Einstimmung mit Lars von Trier

Auf einmal reißt uns ein Radfahrer aus dem Interview, der lautstark Musik von Richard Wagner hört – ja, auch das hat für Rehrl mit Nicolas und „Der Sohn“ zu tun: Oft ließ er das Prélude aus „Tristan und Isolde“ laufen, während er zur Vorstellung fuhr. 

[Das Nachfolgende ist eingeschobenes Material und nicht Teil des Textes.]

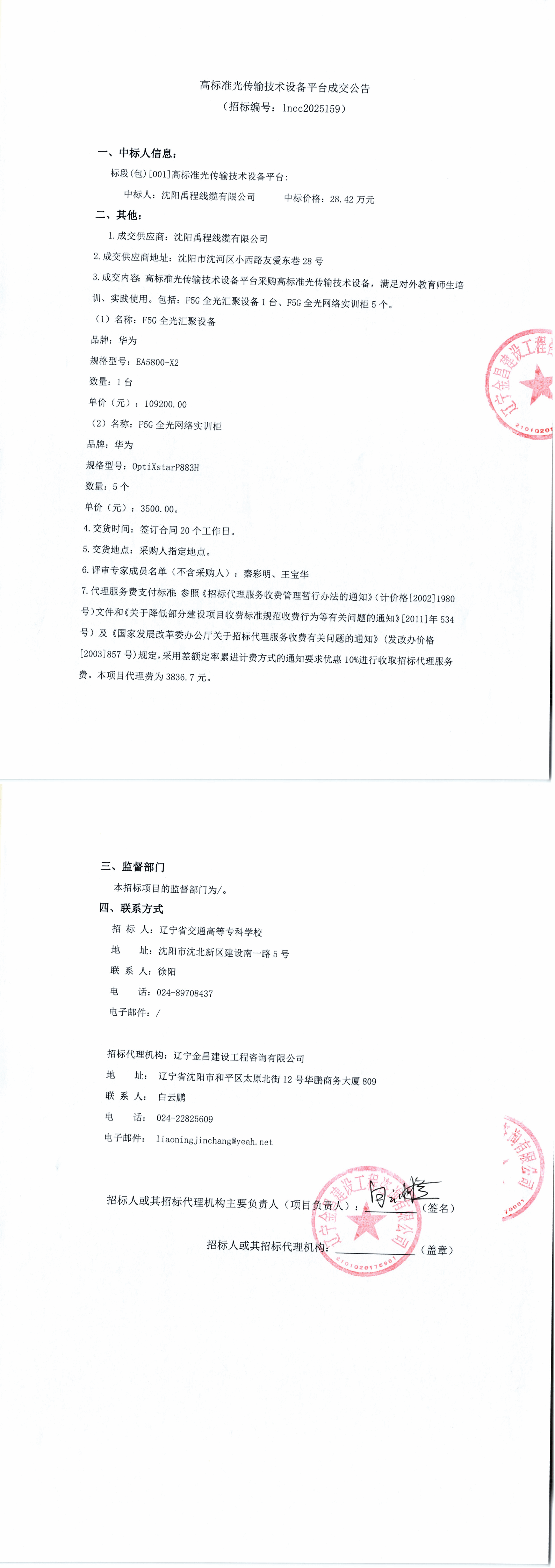 高标准光传输技术设备平台成交公告(LNCC2025159)
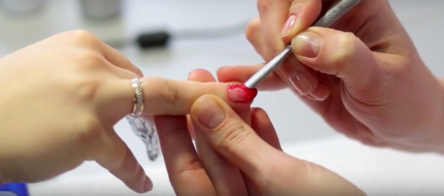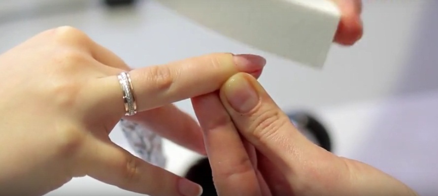 - The preparatory stage is identical: hands need to be washed, wiped and applied on the skin of the fingers around the nail plates softening cream.

Aber nicht wegen Wagner, sondern weil er dabei an den Film „Melancholia“ von Lars von Trier erinnert wurde. „Trier hat eine tolle Bildsprache für Depression gefunden. Das erdrückende Gefühl, wenn der Planet Melancholia unausweichlich auf die Erde zurast und die ganze Welt zermalmen möchte: Die Szene versetzt mich in die richtige Stimmung für Nicolas.“ 

Extreme Gefühle sind es, die ihn auch in Zukunft reizen, sagt er, als wir den Weg zurück in Richtung Kammerspiele einschlagen: „Kleine Gefühle kann ich auch im Privaten erleben, mir geht es auf der Bühne um die ganz großen Momente.“

Zur Person:

Direkt von der Ernst-Busch-Hochschule in Berlin wurde Rehrl an die Josefstadt en­gagiert, wo er schon in „Einen Jux will er sich machen“ und „Der Sohn“ spielte. Als Jugendlicher war er als Synchronsprecher tätig und spielte u. a. in „Polizeiruf 110“.